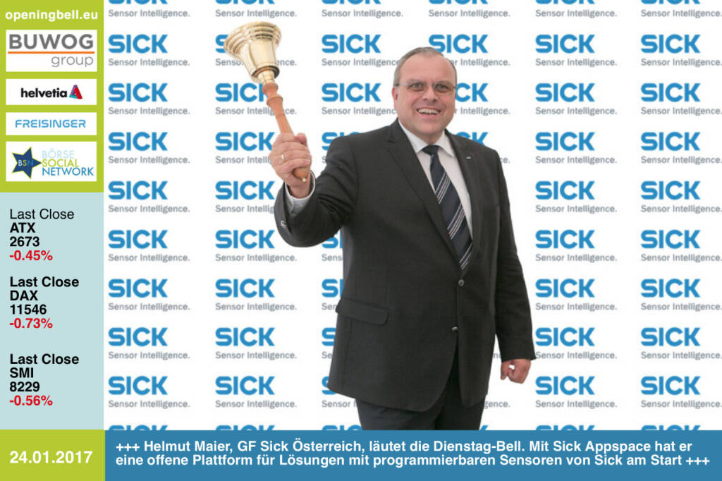 Opening Bell: Helmut Maier, Geschäftsführer Sick Österreich, läutet die Opening Bell für Dienstag. Mit Sick Appspace hat er eine offene Plattform für Lösungen mit programmierbaren Sensoren von Sick am Start http://www.sick.at https://www.facebook.com/groups/GeldanlageNetwork/
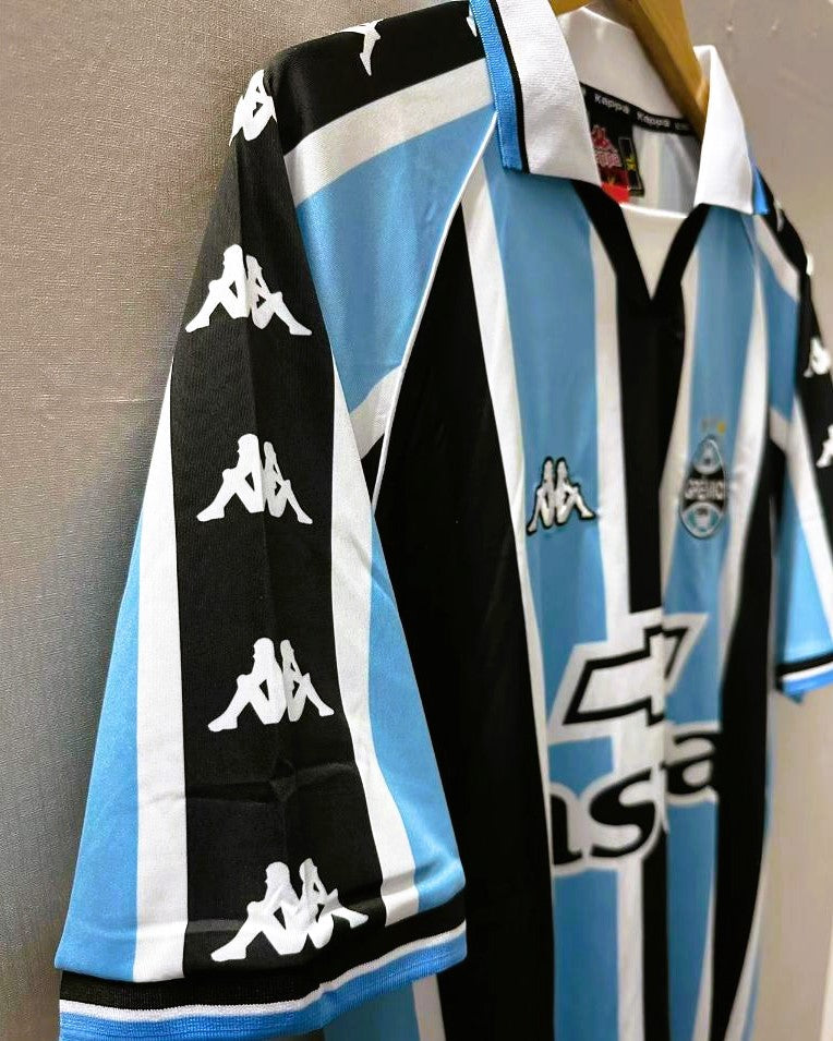 The Gremio shirt for the 2000-01 season, worn with number 10 by a very young RONALDINHO, is an authentic masterpiece of design that embodies the essence of crystalline talent. Masterfully crafted, it represents the beginning of a luminous career of an absolute star who would make millions of fans around the world fall in love with him
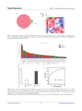 Figure 2. MMP-1 as a potential diagnostic marker for early gastric cancer: (A) A search of TCGA database revealed that high expression of or mutations
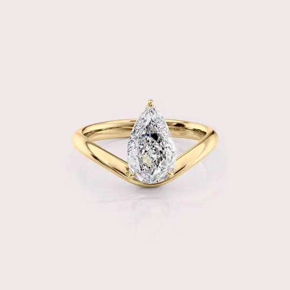 Elegant Lab-Created Pear Shaped Diamond Ring in Sustainable 9K Yellow / White / Rose Gold Sustainable Jewelry
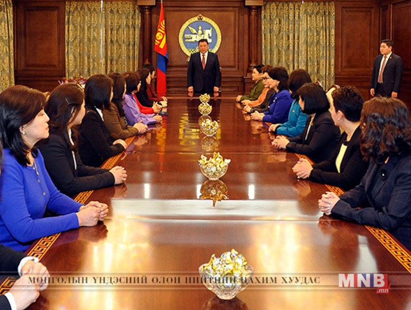 Монгол Улсын Их Хурлын дарга М.Энхболд Олон улсын эмэгтэйчүүдийн өдрийг тохиолдуулан төр, засгийн өндөр албан тушаал хашиж байгаа эмэгтэйчүүдийн төлөөллийг хүлээн авч, баяр хүргэв.
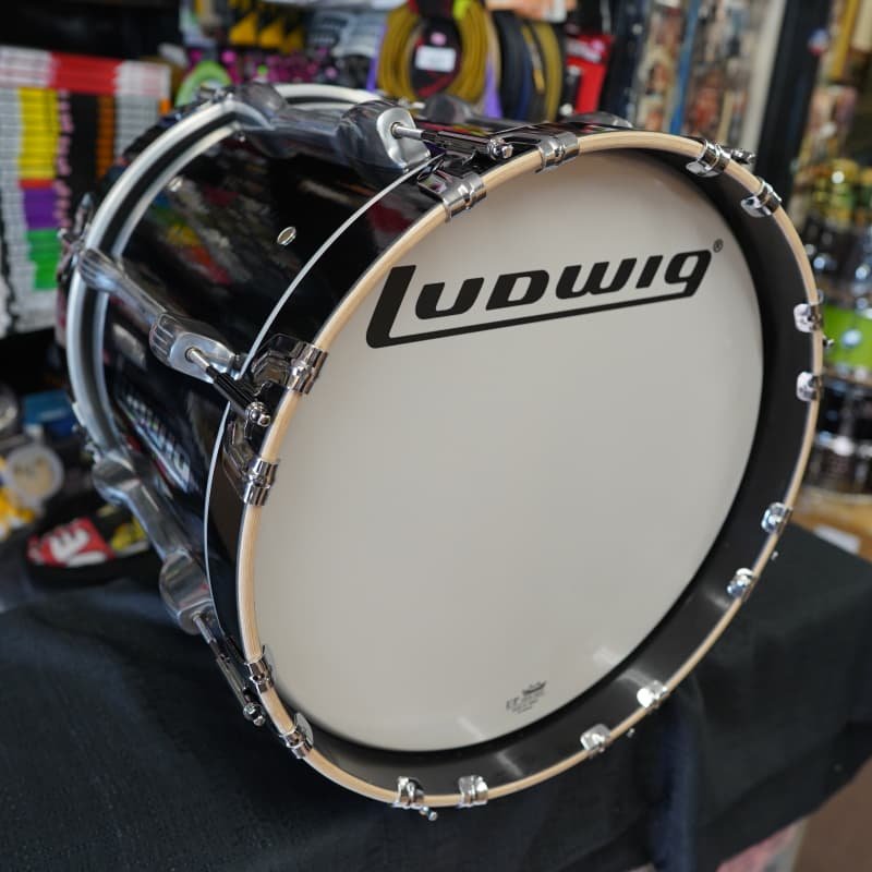Drum City Guitarland ~ Family Owned Drum & Guitar Shop Since 1965Excellent ConditionUSA Ludwig 16″ Marching Bass Drum Jet Black Wrap Pure Maple…

Task: Images stay out, but the rest of the data above must be repeated exactly.

Expected answer:
 Opening Bell: Helmut Maier, Geschäftsführer Sick Österreich, läutet die Opening Bell für Dienstag. Mit Sick Appspace hat er eine offene Plattform für Lösungen mit programmierbaren Sensoren von Sick am Start http://www.sick.at https://www.facebook.com/groups/GeldanlageNetwork/
 The Gremio shirt for the 2000-01 season, worn with number 10 by a very young RONALDINHO, is an authentic masterpiece of design that embodies the essence of crystalline talent. Masterfully crafted, it represents the beginning of a luminous career of an absolute star who would make millions of fans around the world fall in love with him
 Figure 2. MMP-1 as a potential diagnostic marker for early gastric cancer: (A) A search of TCGA database revealed that high expression of or mutations
 Elegant Lab-Created Pear Shaped Diamond Ring in Sustainable 9K Yellow / White / Rose Gold Sustainable Jewelry
 Монгол Улсын Их Хурлын дарга М.Энхболд Олон улсын эмэгтэйчүүдийн өдрийг тохиолдуулан төр, засгийн өндөр албан тушаал хашиж байгаа эмэгтэйчүүдийн төлөөллийг хүлээн авч, баяр хүргэв.
Drum City Guitarland ~ Family Owned Drum & Guitar Shop Since 1965Excellent ConditionUSA Ludwig 16″ Marching Bass Drum Jet Black Wrap Pure Maple…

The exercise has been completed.